Life on Earth also involved geometric translations, as the networks of natural history film- making gain an increasingly global reach upon nature. In an era which saw the development of the American and Russian space programmes, the first photographs of the earth from space (Cosgrove, 1990), and the first awareness of global environmental change, Life on Earthtakes its place in documentary and environmental history, re-visioning global awareness and introducing a new view of the world.

"In the earliest years of documentary we saw the explorer-documentarist lead the way providing glimpses of the exotic and faraway. The new technologies vastly expanded his role. He could take cameras into undersea worlds of astounding beauty, and also into other worlds. He could show, from regions of the moon and beyond, shots of our own earth, a green oasis in endless nothingness. [...] Such ventures stirred increasing concern for spaceship earth and its blessings, seemingly so unique and perhaps more fragile than was thought. Addressing this concern was one of television's most awesome achievements, the BBC TV series Life on Earth (1979), in which David Attenborough criss-crossed the globe, pinpointing the rise and decline of innumerable species" (Barnouw, 1983: 297).

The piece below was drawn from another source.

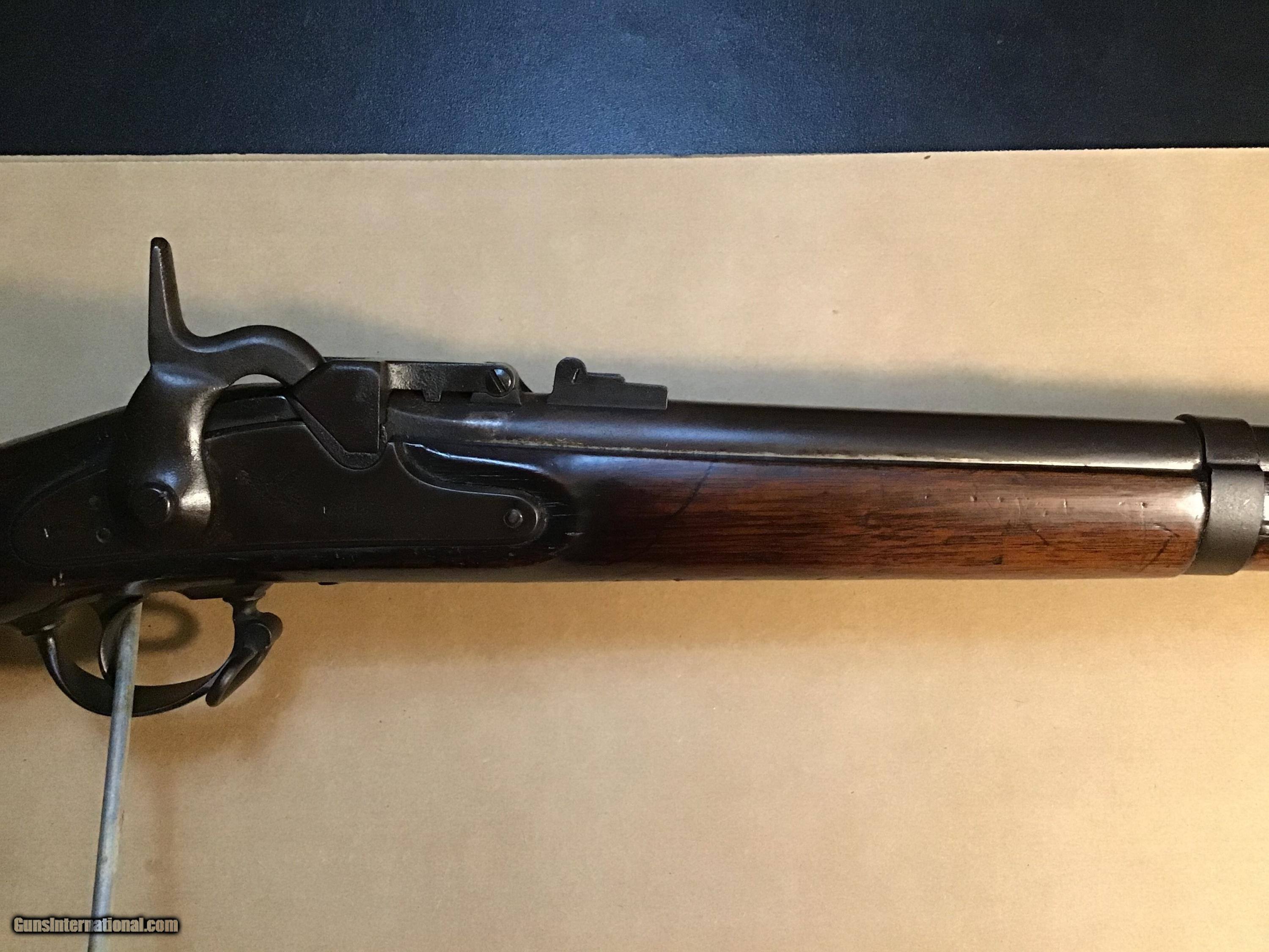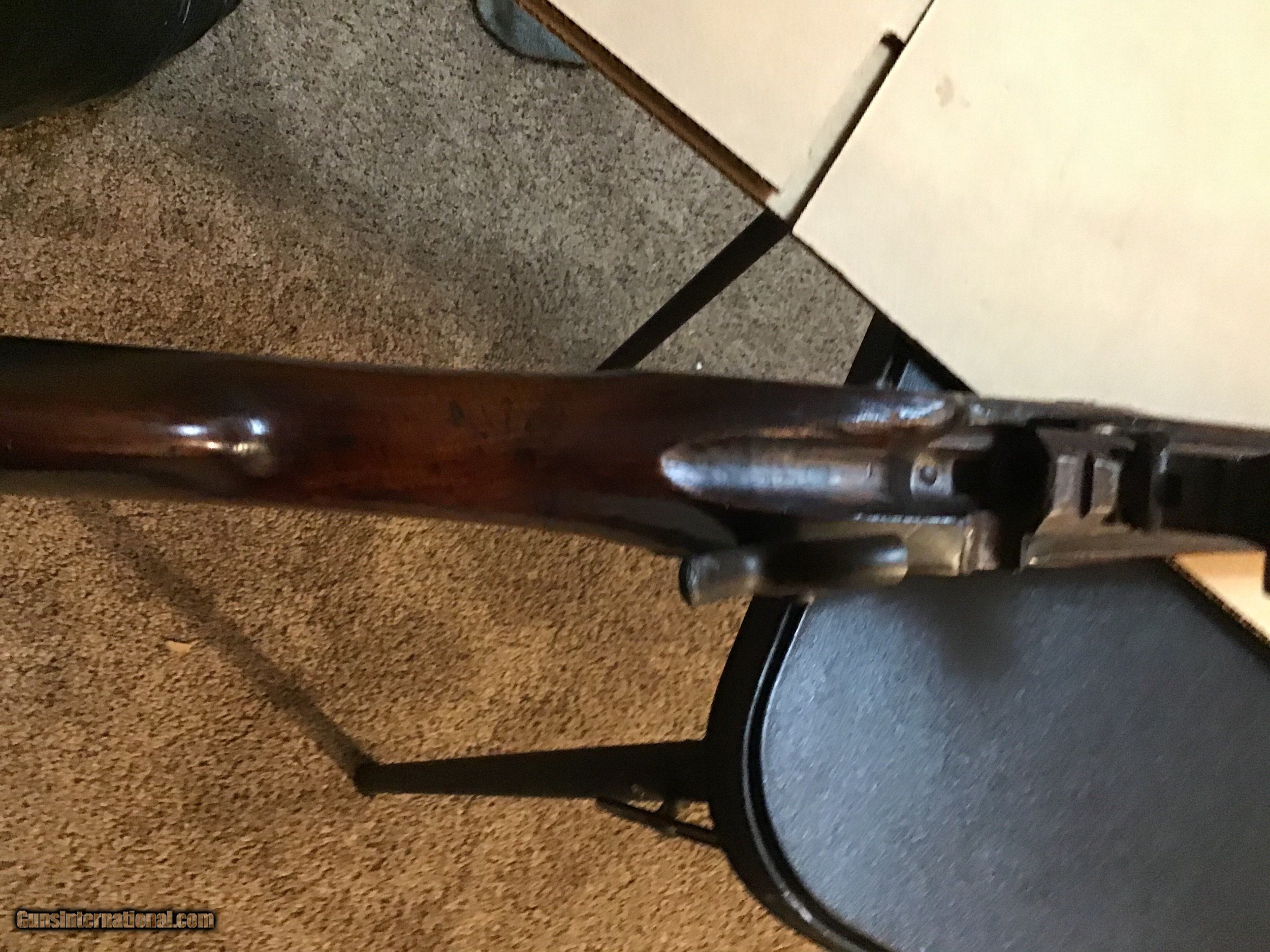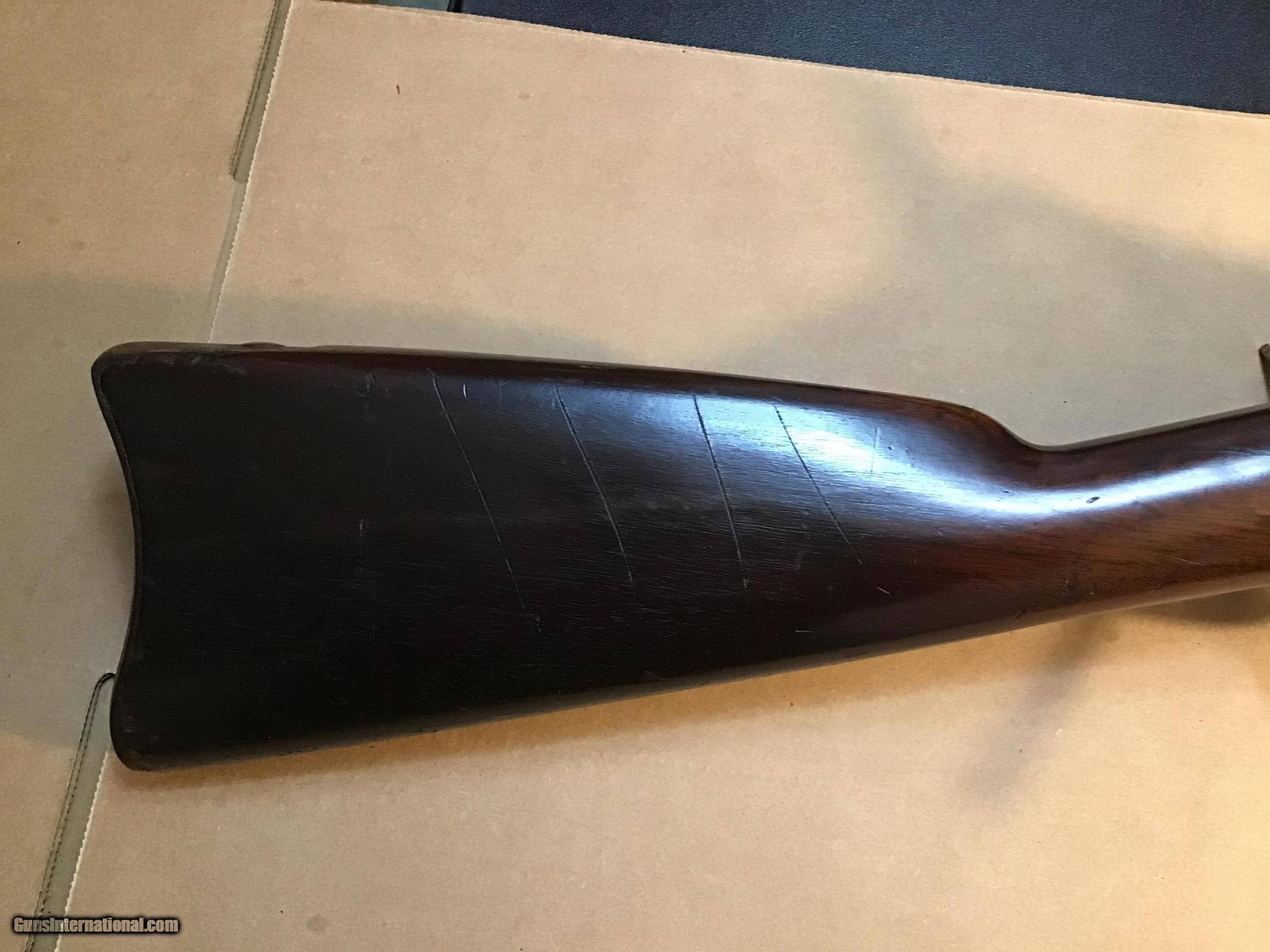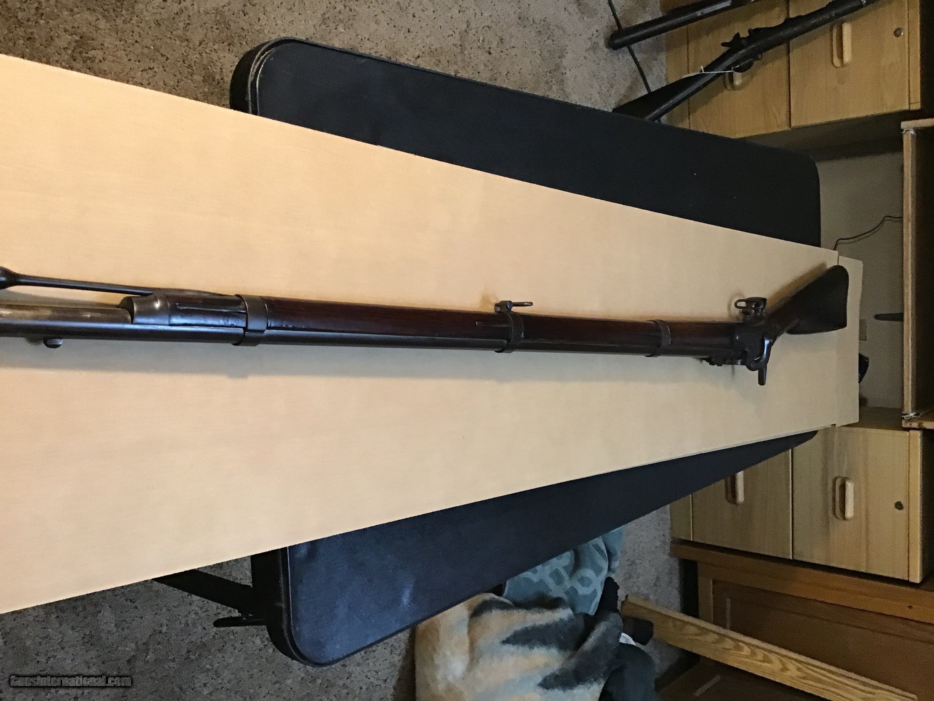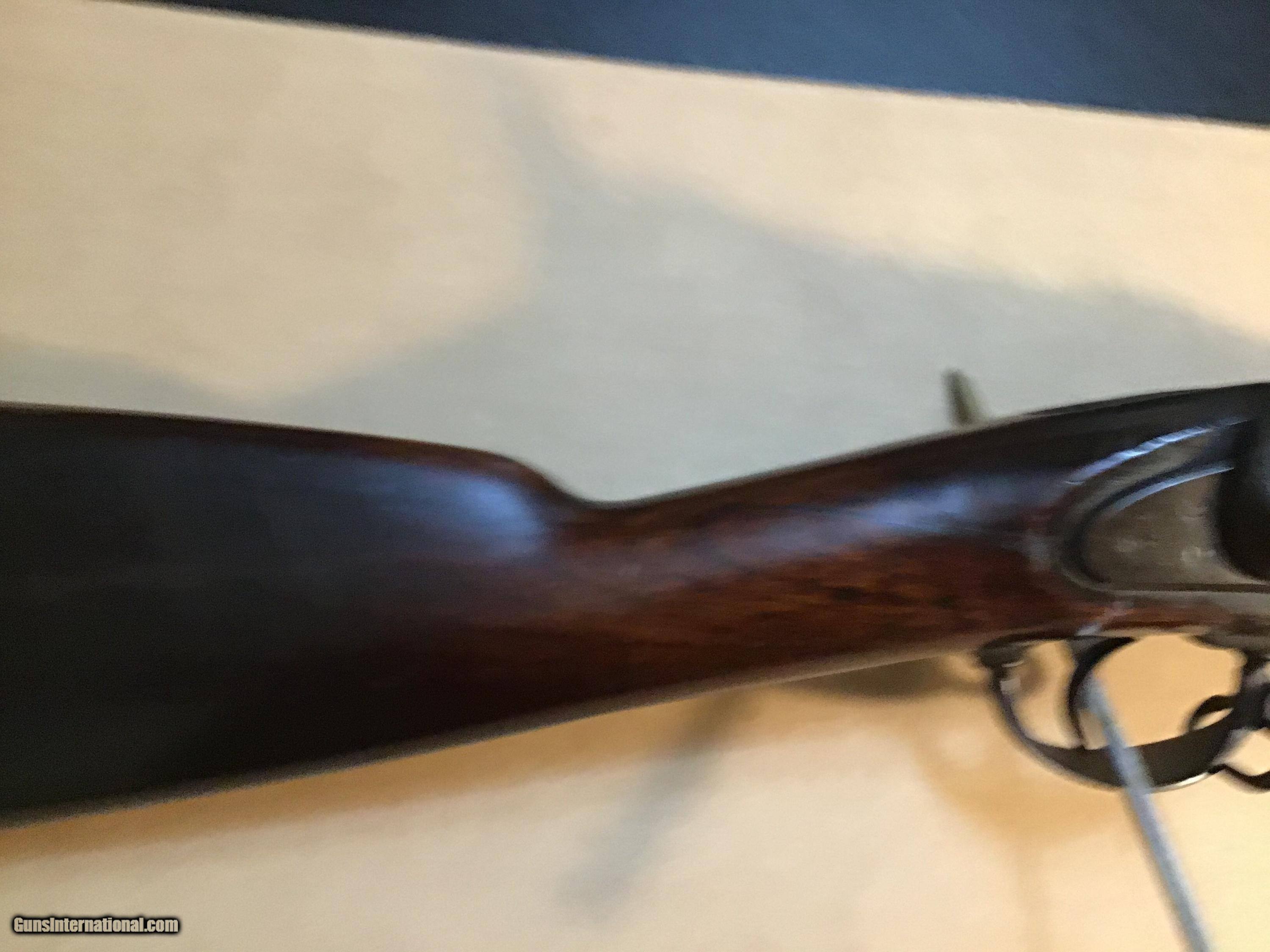 Description: On Hold Originally manufactured in 1864, this Parker Snow & company 58 caliber rifle was one of 2000 upgtaded with the Miller breach system by Meridian manufacturing circa 1865-1867. Blade front and leaf rear sights with the lock plate dated 1864 behind the hammer and eagle and US Parker Snow & Company, Meridian Conn.and Meridian Manufacturing co/meridian. Conn. On top of the breach block along with patent date. This is a very good full length 3 band dark walnut stock with normal scratches and some dents also a fine hairline crack behind the lock. The lock and breach block function fine. The full length barrel and all metal parts have a pleasing brown patina. The bore is also very good. Overal a very nice specimen of a fairly.scarce antique rifle. This original rifle appears complete wit correct ramrod. Please feel free to contact me with any questions. Shipping will be actual cost by usps insured priority mail. On Hold Sale Pending SOLD Antique: Yes Manufacturer: Parker Snow Model: 1861 |

However, whilst the geometric translations of the networks of the Unit criss-crossed the globe, they did so through specific sites whilst also leaving spaces. This global reach on nature was not a surface, but was simultaneously global and local through nodal points within these new geographies of knowledge. The locations of filming tended to be site specific, and film-makers returned to the same sites on the basis of research stations, contacts and previous experience. For many filming trips California thus became the desert, North Carolina the swamps. The rainforest is represented by Costa Rica, and Panama. Borneo represented Asian tropical forest. There were various sites in Europe and Australia and, of course, there was the Serengeti, where groups of wildlife cameramen became permanently located. These were the areas where nature could be best controlled for film-making practices, yet they were also the ones presented as the wilderness settings for most wildlife films.

This was the contradiction of the new global scope of the natural history. Within these global networks of nature, supported by blue-chip natural history film-making, there is little opportunity to articulate local solutions to the fragile sense of responsibility their global vision suggests. The new professional qualities of wildlife footage and the international focus of the markets for natural history films meant it becomes difficult for an individual country to produce a programmes featuring its own wildlife. As Adrian explains:

"It’s hard to make English programmes. Just as it’s hard for the Germans to make German programmes or Norwegians to make Norwegian programmes because

there isn’t enough money to do it properly, just from their own countries, it has to be international in terms of making a profit" (Gareth, interview 11.7.95).

These exclusions also caused problems for the production of films with an environmental focus. The separation of nature and culture within blue-chip natural history films constructed a view of nature that is neutral, value free; a nature without people, and a commodity without language problems. Environmental issues could not be addressed within these programmes. The Natural History Unit's account of the environmental responsibility of its films, thus becomes incorporated into the blue-chip values. As David Attenborough suggests: "My job as a natural history film-maker is to convey the reality of the environment so that people will recognise its value, its interest, its intrinsic merit and feel some responsibility for it" (David Attenborough, quoted in Burgess and Unwin, 1984: 106). Either that or "you do different programmes" (Attenborough, quoted in Burgess and Unwin, 1984: 108). However, the associations developed through the networks of natural history film-making mean that it is now more difficult for the Natural History Unit to make different programmes.